On a foggy day in 1182, local nobleman Dom Fuas Roupinho was in pursuit of a deer when the animal disappeared off the edge of the Sítio precipice. Dom Fuas cried out to the Virgin, whose sculpture was venerated in a nearby cave, for help, and his horse miraculously stopped right at the cliff’s edge; the mark of one of its horseshoes is still visible. In what is a much-repeated story in the Iberian peninsula, Dom Fuas built the small Hermida da Memória chapel on the edge of the drop-off to commemorate the event and house the sculpture. It was later visited by a number of VIP pilgrims, including Vasco da Gama. The statue is now housed in the grander church across the square.

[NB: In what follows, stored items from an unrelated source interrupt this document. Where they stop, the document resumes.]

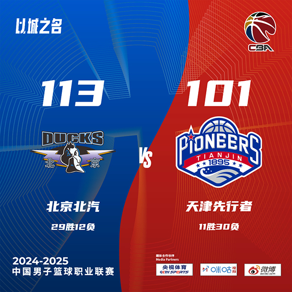 优直播讯北京时间3月17日讯 CBA常规赛今日继续开打,北京和天津迎来一场交手。北京目前豪取8连胜状态大热,天津则状态走低遭遇5连败。首节开局北京虽然占据主动但场面优势并不大,不过节末北京抓住对手哑火的机会送出8-2的攻势拉开8分领先;次节北京前期占优一度拉开12分的领先,但后半段天津这边詹姆斯詹姆斯砍下13分带队不断蚕食分差并带着6分劣势进入下半场,值得一提,上半场詹姆斯和林庭谦合计三分球10投8中。休息归来周琦开局不久送帽并在盖帽榜单上追平哈达迪并列第五;天津延续状态不断蚕食分差并在第三节末段命中两记三分完成反超;不过北京也在随后及时回暖送出跨节12-4的攻势夺回主动权,这之后北京稳住局面并在曾凡博的两记罚球中重新取得两位数领先奠定胜局。最终,北京击败天津取得9连胜,同时送天津6连败。
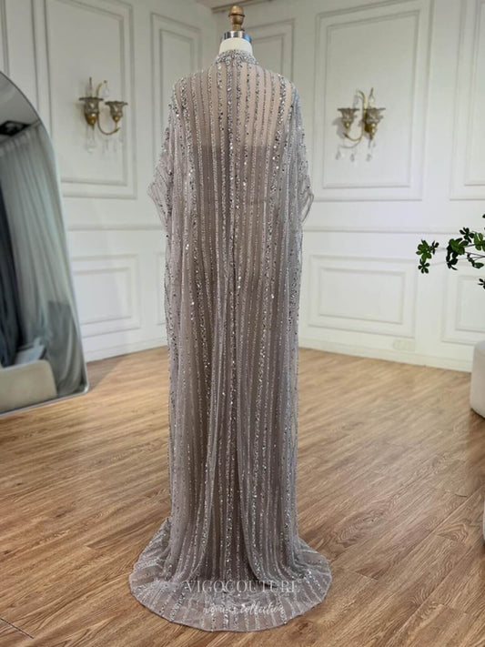 Grey Beaded Mermaid Removable Cape Prom Dress 20283
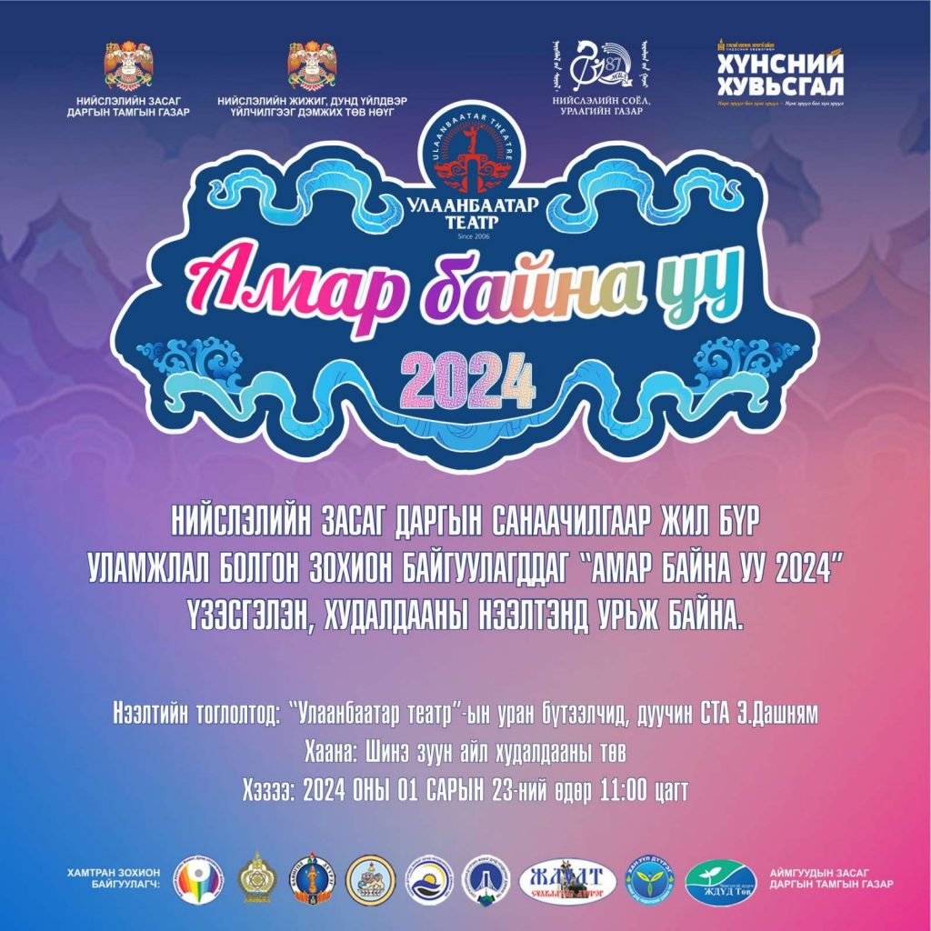 Нийслэлийн Засаг даргын санаачилгаар жил бүр уламжлал болгон зохион байгуулдаг “Амар байна уу 2024” үзэсгэлэн худалдааны нээлт өнөөдөр буюу 2024 оны 01 дүгээр сарын 23-ны өдрийн 11:00 цагт Шинэ зуун айлын худалдааны төвд  болно.
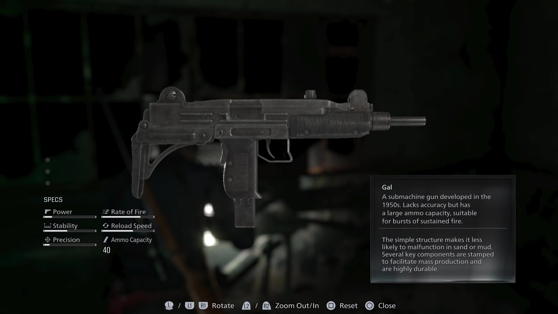 If you want to pick up an SMG instead of buying one from the item box, the Gal is a decent option that fires incredibly quickly. You can find this gun in the Underground Parking Garage of the Cedarbrook Apartments building — we cover all of this in our full Leon Raccoon City walkthrough.
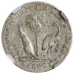 HOGARTH, Erichsen & Co., Sydney silver threepence, 1858 (A.688). Nearly extremely fine and rare thus. ...
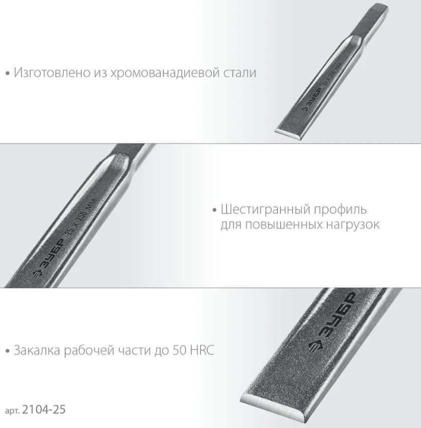 Усиленное зубило. Двутавровый профиль для усиления конструкции. Хромированное покрытие защищает от коррозии.
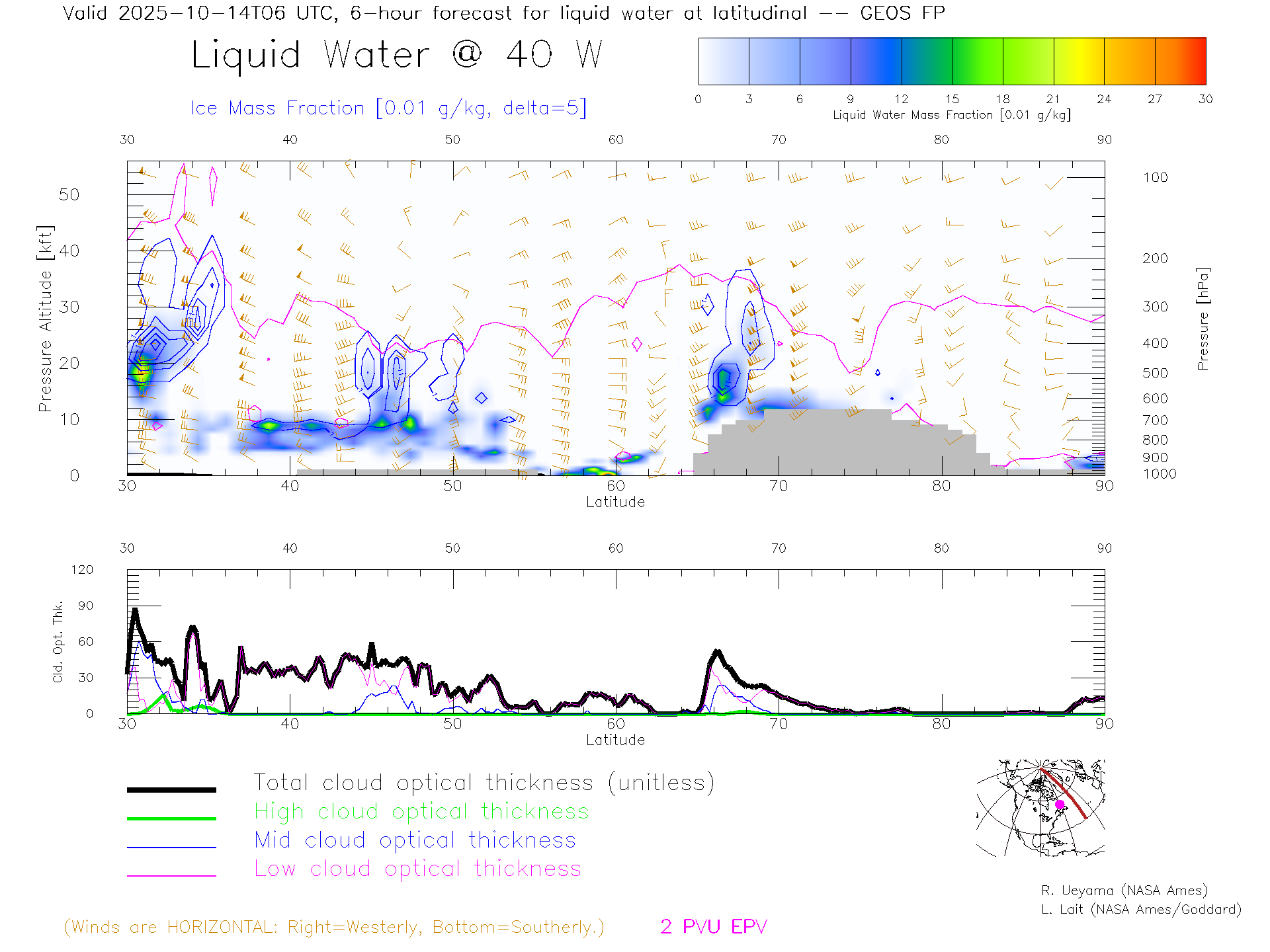 GEOS Forecast Cloud Water Content X-Section (40 W)
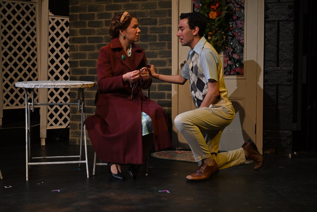 One of Theatre Uncorked’s unique strengths has been introducing fresh talent to Boston stages, whether through community theater or college theater programs, and Blood Brothers is no exception. In their dual roles, Mazzone, Fuller, and Casey deliver on the high energy of the children and the more demanding roles as young adults. Mazzone is terrific as the outwardly brazen but inwardly frightened Mickey; Fuller nails the naivete of young Edward and the privileged cluelessness of his older self; and Casey sparkles in every scene she’s in.
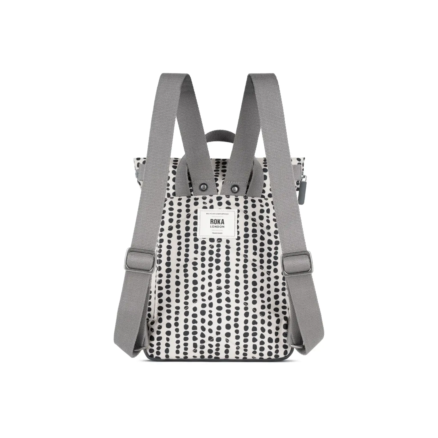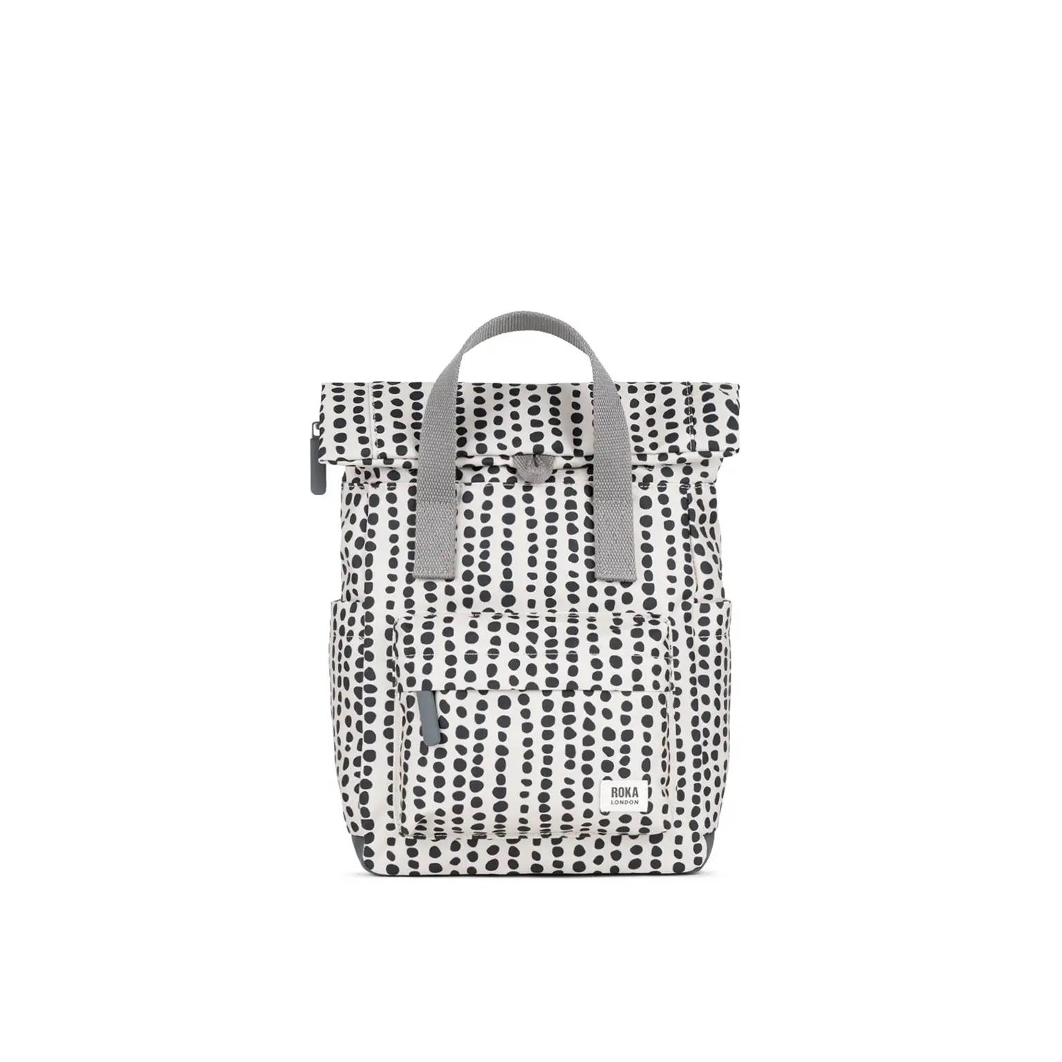 The Roka Canfield B Linear Dot Recycled Canvas Backpack is a stylish, eco‑friendly roll‑top backpack that combines contemporary design with everyday functionality. Crafted from weather‑resistant recycled canvas (triple‑coated) and lined with durable recycled nylon, this sustainable backpack offers a textured, matte finish and long‑lasting performance perfect for commuting, travel, school and daily adventures.

Igreja de Nossa Senhora da Nazaré (Lonely Planet) 

The 17th-century, baroque Igreja de Nossa Senhora da Nazaré, decorated with attractive Dutch azulejos, is on the Promontório do Sítio and holds the much-venerated sculpture of the Virgin, said to have been made by Joseph himself in Nazareth when Jesus was a baby: hence the name of the town. For €1, you can get up close and personal with the statue itself – it’s not too often that you get the chance to appear in the middle of an altarpiece.

Look out for paintings of a deer in mid-air that refer to the legend of the Virgin’s appearance here. Though the fall was tragic for the animal itself, its look of surprise is difficult not to be bemused by.